I have found the cause of the problem. It is neither Virtualmin nor the VPS. The firewall rules are the problem. I shut off the firewall and it worked.
I need to know which port should be open in order to be able to run apt-get update?
in resolv you can have this and protect that file with chatrr…
While after reboot…
Generated by NetworkManager
search (hereyourmaindomainfor server so no hostname but domain) (this without () )
nameserver 127.0.0.1
nameserver 8.8.8.8
nameserver 1.1.1.1
or something like that depending where which os / hoster and yes no networkmanager and network things you need , nameserver ip hoster in theit network sometimes needed to
It’s not Virtualmin, it’s the template in use by your provider most likely.
In any case, Virtualmin also installs BIND which should be a working resolver on your system listening to 127.0.0.1.
Did you by any chance disable BIND?
Adding “stuff” to work-around the problem instead of fixing it is hardly ever a good idea.
Virtualmin only modifies resolvers on install, but it tries to do it in the right place…so, if your system is using dhcp, it gets appended to the dhcp name servers settings (which will get applied to /etc/resolv.conf on every reboot or network restart). If it’s resolv.conf, it changes resolv.conf, but only once.
If you aren’t using a local BIND, you don’t need it to point to 127.0.0.1 (though it is now common to do so, even if you aren’t…most systems default to having a local caching resolver of some sort and so 127.0.0.1 is the name server in those cases, even without Virtualmin changing anything).
We’re debating changing this and giving up on trying to “fix” the resolvers during install, as the landscape has gotten so complicated and it’s so easy to get it wrong. In the good old days we could count on there not already being a local resolver on a server installation of our supported OSes…that’s less common now. And with VMs being so common, and with it being so much more common for people to not use local DNS, it’s becoming maybe more trouble than it’s worth just to have site previews work (and a few other minor features).
Hosters / providers do at reboots sometimes / often overwrite resolv.conf
So if virtualmin has fixed that for you , then that fix is undone…
If you know when they change network things , or you know yourself howto fix that.
You can protect resolv.conf against that overwrite with “chatrr” command in CLI interface
For openstack using cloudinit you should i guess.
You often need a kind of combination, that what OS/CP network config tell you and the hoster part, so take care of both.
Thank you very much. I just usually use upgrade because I wish to install any necessary updates as I go. I get the same information with upgrade plus the additional benefits of applying any available changes when available.

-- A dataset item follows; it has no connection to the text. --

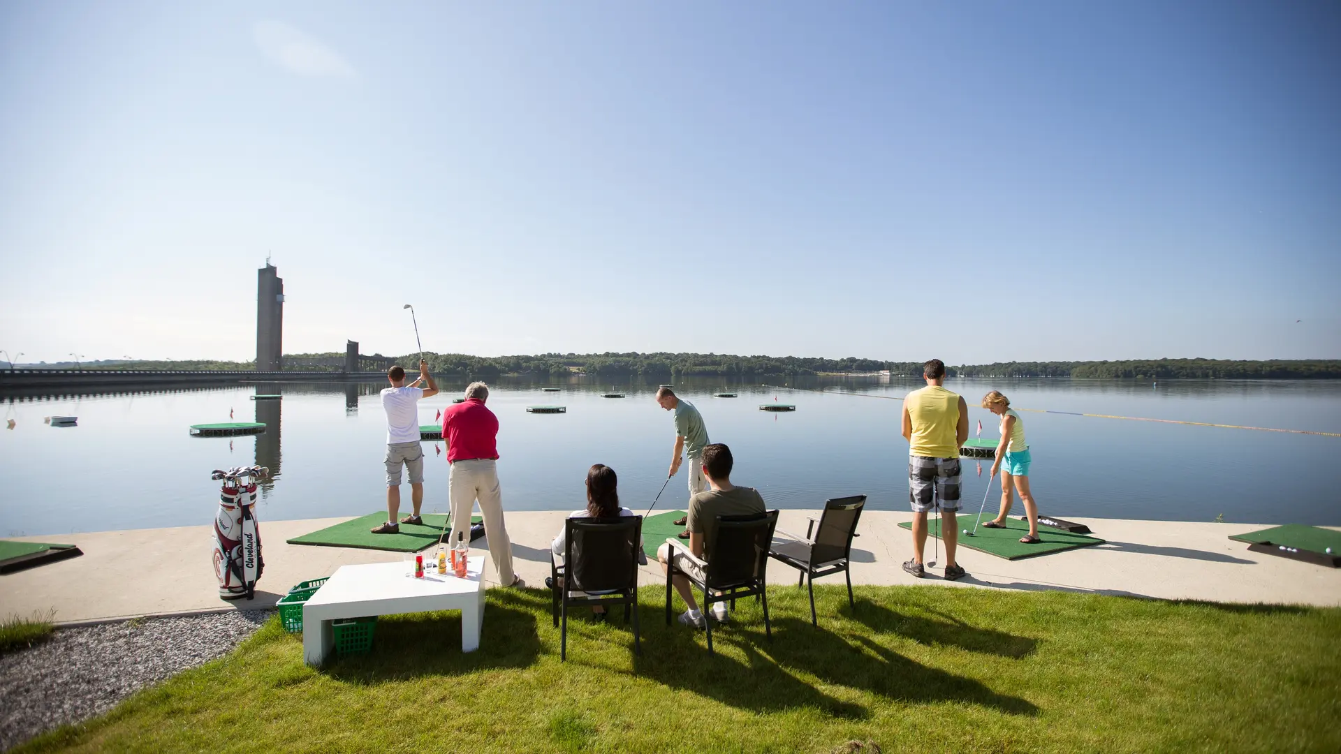 Aquacentre : piscine ludique avec jets massants, canons à eau, jacuzzi (2 heures) Centre Wellness « A l’heure du bien-être » : 3 saunas différents, un hammam, 2 jacuzzis, une pièce de luminothérapie avec des matelas d'eau, une piscine extérieure chauffée (3 heures – privatisation du centre à partir de 10 personnes) Natura Parc : 8 parcours suspendus dans les arbres (difficultés progressives, de 1 à 25m du sol), tyroliennes géantes passant au-dessus du lac, saut pendulaire (3 heures – jusqu’à 200 personnes) Balades en segway (2 heures – groupe de 20 personnes) Randonnées pédestres ou à vélo (balades balisées et circuits vélos – réseau RAVeL) Crocodile Rouge : Amphibus, Laser Game, Aqua Golf, visite guidée du barrage de la Plate Taille, initiation au char à voile, ... Spin Cablepark : initiation au téléski nautique (1 heure – groupe de 25 personnes) Espace Fun (kayak, stand up paddle, planche à voile) Golf Entertainment Center : « Fun Park » (1e approche du golf), zone académique (practice en partie couvert) et Golf Club des Lacs (golf de 9 trous) Bike Park : pistes VTT permanentes, différentes pistes (dual slalom, free ride), ... Partenariat avec Gravity Park, aérodrome situé à proximité : sauts en parachutes en tandem, baptême de l’air en hélicoptère, en ULM, ... Grands parkings (300 places) – Possibilités d’hébergement (village de vacances, résidence hôtelière 4* de 92 chambres/studios/appartements) – Différents espaces horeca sur place et à proximité – Centre de séminaire et salle de cinéma de 160 places

In any case, when confronted with the inability of a command not to work as expected, one might just go to the lowest common denominator to find the blockage. Opening a command prompt directly should satisfy that question.

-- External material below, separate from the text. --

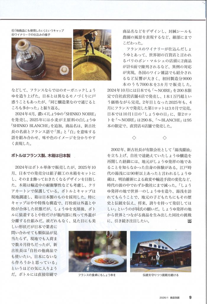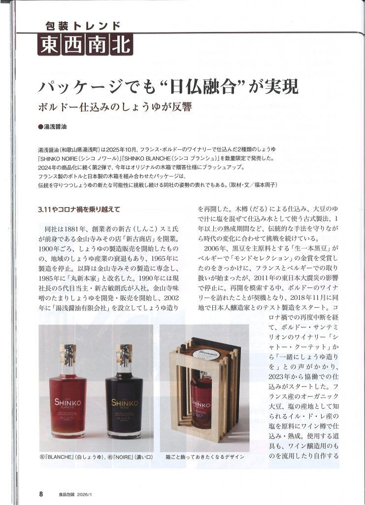 1月1日発行の業界専門誌【食品包装】にてフランス醤油を取り上げていただきました。

As Joe pointed out, things can get very complicated. In that case, going direct thru the 'Net with a command-line entry will tell you where the blockage is located. You were on the right track with your third post above.
I really don’t understand why folks don’t just let Virtualmin do it all. I haven’t logged on to my actual server terminal in months. I check the Virtualmin panel from time to time and it handles all the updates for everything, even a Plex server I have running on it.
Yeah I do too. Let Virtualmin take the lead and sort. It wont always get it right but way better than my own effort and skills. From what I can see, many start to have problems when using 3rd party DNS, VMs and network bridging. Some providers also got weird ways of dealing with network routing.